Я засыпал в заброшенном домике, то ли в уже в лесу, то ли еще на опушке, трухлявом, рассыпающемся от недостатка доброго человеческого участия - таком же, как я сам. Всепроникающий запах плесени и сырости, трухлявого дерева, мышиного помета и чего-то невообразимого, но тошнотворного преследовал меня даже во сне, прорываясь сквозь кислую вонь грязных тряпок, в которые пришлось зарыться для тепла, свалив их в дальнем углу, подальше от дыры в полу, набитой стеклянным и железным ломом.
С рассветом нужно было встать и идти, все равно холод не дал бы спать дальше. Я шел на восток, потому что там может быть лучше, потому что там я смогу найти работу(возможно) и потому что на юге я уже побывал. И засыпая, я надеялся только на то, что сигареты со спичками в нагрудном кармане не слишком отсыреют до утра.
Белый потолок смотрит на меня сверху вниз и усмехается.
Я не думал, что увижу что-то белое до зимы.
После падения из сна в бодрствование - резкого, головокружительного, - Сфинкс долго не понимал, где он. Так и лежал навзничь, как парализованный, глядел вверх, на эту известковую белизну и пытался вспомнить, где он, что он. Когда проснулось желание закурить, он потянулся к нагрудному карману - и вдруг понял все. Или почти все. Он снова безрукий. Он больше не в том странном и жутком месте. Он в Могильнике, лежит в изоляторе - значит, заболел. Он - как-то - вернулся. Здесь снова будет Слепой, и стая, и весь Дом и протезы, и пластинки, а доберманов и пива вместо воды, и нищеты, и Леса, и безработицы, и рук, с которыми можно найти работу, если постараться - не будет.
Такие дела.
…
А может, ничего и не будет вообще. Шесть лет прошло. Может, стая выпустилась уже. Может, он и не в Могильнике вовсе, а в другом месте. Дом снесли, распустили детей, разогнали по интернатам, сломали все его разрисованные и исписанные стены, сровняли с землей. Наверное, он потому и проснулся - Дома нет, нечему удерживать души Там. Теперь есть только один мир, и надо учиться обитать в нем, потеряв шесть лет местной жизни.
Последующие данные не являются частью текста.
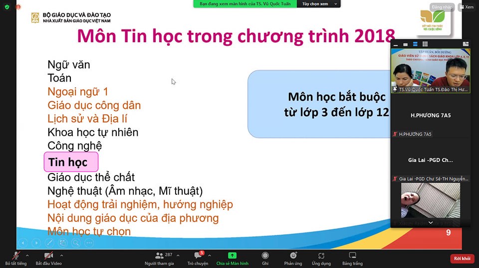 LSĐL, GDTC, Mỹ thuật, Âm nhạc, Đạo đức, HĐTN, Tin học tham dự tập huấn sách giáo khoa lớp 4 bộ Kết nối tri thức với cuộc sống theo hình thức trực tuyến, thông qua nền tảng Zoom.

Я сам не понял, почему испугался так, решив, что Дома больше нет. Дома, который я часто проклинал Там. Дома, где происходят такие страшные(и прекрасные) вещи. Дома, где я увидел белый кораблик в алом море. Моего дома. Этот страх парализовал меня до прихода врачей. До зеркала, перед которым я разрыдался от облегчения - и потому что жизнь придется проживать заново. Потому что я подросток, уже почти-что-взрослый-человек в теле ребенка. Потому что Дом снова подшутил надо мной.